The “replicator” service connected to a server and shortly after, raised an exception and crashed. The 118.738 is the time in seconds since the test started. The exception made it look like it was being served corrupt data, which should never happen under any circumstances. Antithesis also has a tool that can investigate a specific instance of a failure by rewinding a bit, running with different input, and seeing whether it failed again. It produces a graph like this.

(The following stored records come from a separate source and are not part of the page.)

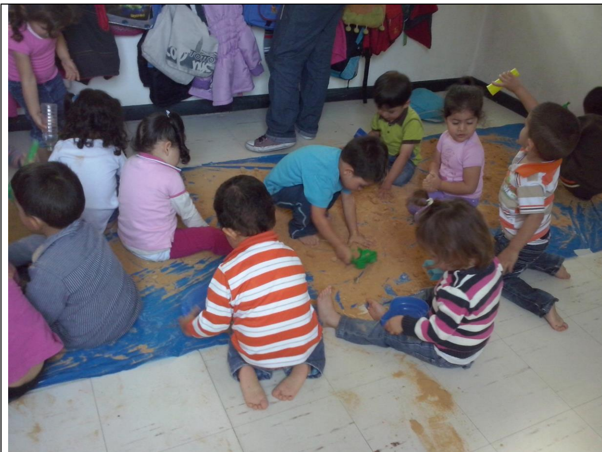
Exploración con arena. Preescolar
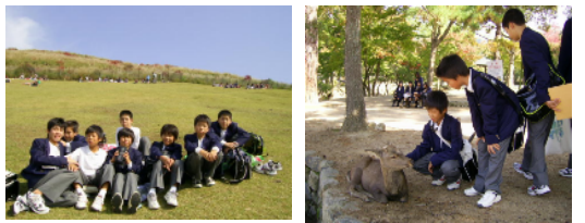
若草山にて 鹿に興味津々

「城陽市から五里の町・奈良を調べよう」という全体テーマのもとで奈良公園を班別体験学習を行いました。奈良公園内の調査活動や観光客や地域の人へのインタビュー、公園内の美化活動など多彩な活動をするなかで、古都奈良を調べました。
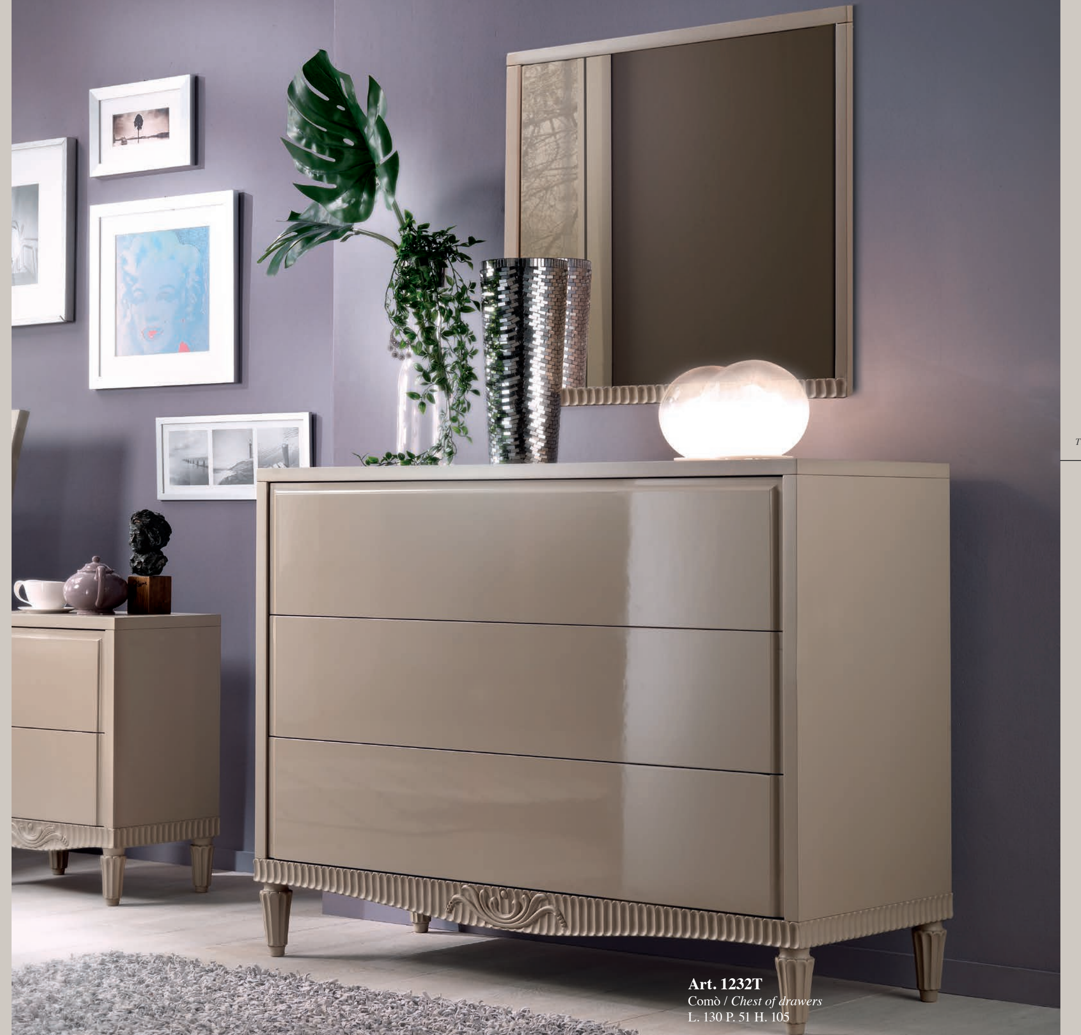
Art. 1232T Comò / Chest of drawers L. 130 P. 51 H. 105
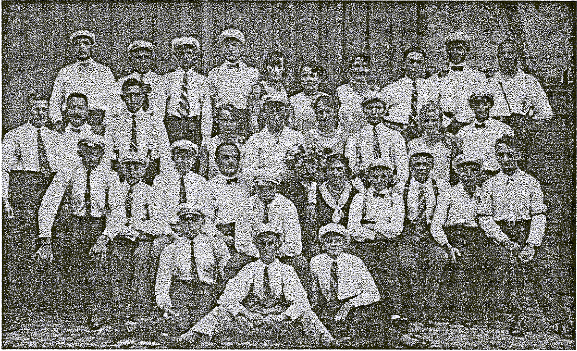
Kerweborsch vun de Sunn 1931
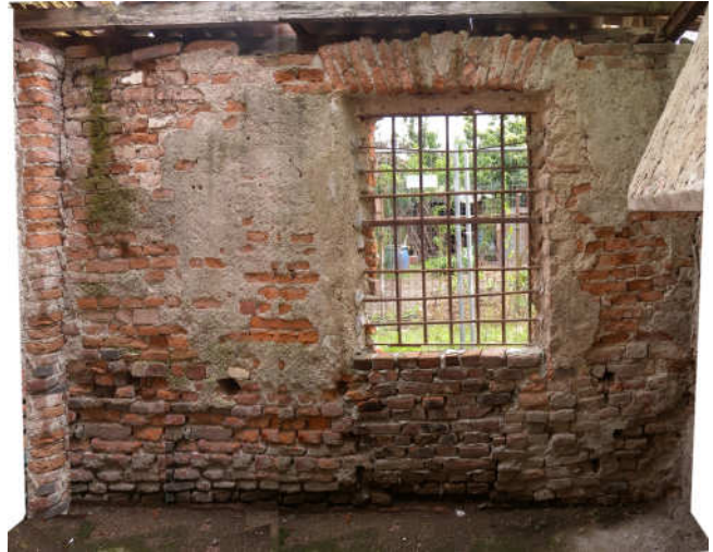
Parete Sud con la finestra munita di una inferriata.
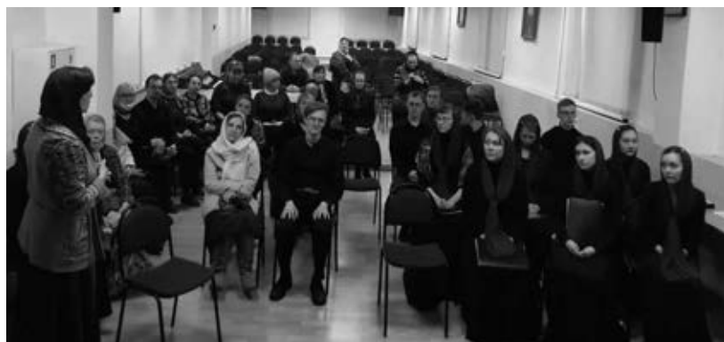
Фото 3. Участники вечера памяти о. Вадима Лунегова 4 апреля 2022 г.

Всегда следовало поздравление, продолжительная отеческая проповедь и тихое мирное чаепитие. В такие минуты всех удивляло, как уставший от множества дел священник может так щедро дарить тебе столько тепла и любви. Откуда у батюшки силы?
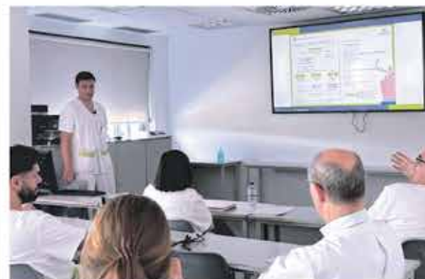
Presentació als professionals del Servei d'Urgències el nou protocol.

Des del Grup de Treball Hospital Sense Fum es vol promoure que els professionals del servei d'urgències de l'hospital incentivin als pacients ingressats fumadors a començar el tractament des del moment que entren a urgències, i no haver d'esperar a arribar a planta com s'havia fet fins al moment actual anticipant-se així per a evitar una síndrome d'abstinència durant l'ingrés.

This is showing that somewhere about 6 seconds before the crash, something happened that put us in a state where it was very likely to reproduce. If we go back through the logs, we can find out that Antithesis randomly killed a different service around that time.

111.861

fault_injector

{"fault":{"name":"kill","affected_nodes":["primary.tip-retransmitter.1"]}}

We can also filter the logs down to look for that specific service.

113.911

primary.tip-retransmitter.1

Info: Starting from snapshot with stream time 2025-11-28 16:59:51.362900555-05:00

113.911

primary.tip-retransmitter.1

Debug: Streaming TCP retransmitter listening on 10.89.5.61:42679

And that also lists the same host and port that the replicator connected to. But this still doesn’t say much – a server restarted, a client connected to it, and then the client got corrupt data? At this point we can jump into Antithesis’ debugger environment, which lets you write notebook-style snippets to run inside the virtual machine. By rewinding time by one second before the crash and running tcpdump, we can capture the exact traffic that was exchanged between the client and the server.

branch = moment.rewind(Time.seconds(1)).branch()
container = 'standby.replicator.1'
print(bash`tcpdump -nn -X tcp and host 10.89.5.61`.run_in_background({ branch, container }))
branch.wait(Time.seconds(5))

And with a little grit, we can extract the query that the client sent.

16:59:57.631701 IP 10.89.5.36.35922 > 10.89.5.61.42679: Flags [P.], seq 40:67, ack 40, win 32768, options [nop,nop,TS val 2689576410 ecr 3733209032], length 27 0x0000: 4500 004f c841 4000 4006 5355 0a59 0524 E..O.A@.@.SU.Y.$ 0x0010: 0a59 053d 8c52 a6b7 934f 4b7a df85 101d .Y.=.R...OKz.... 0x0020: 8018 8000 1f54 0000 0101 080a a04f adda .....T.......O.. 0x0030: de84 3fc8 1900 1500 0000 51c8 0400 0000 ..?.......Q..... 0x0040: 0000 0041 3131 3233 0000 00ff ffff ff ...A1123.......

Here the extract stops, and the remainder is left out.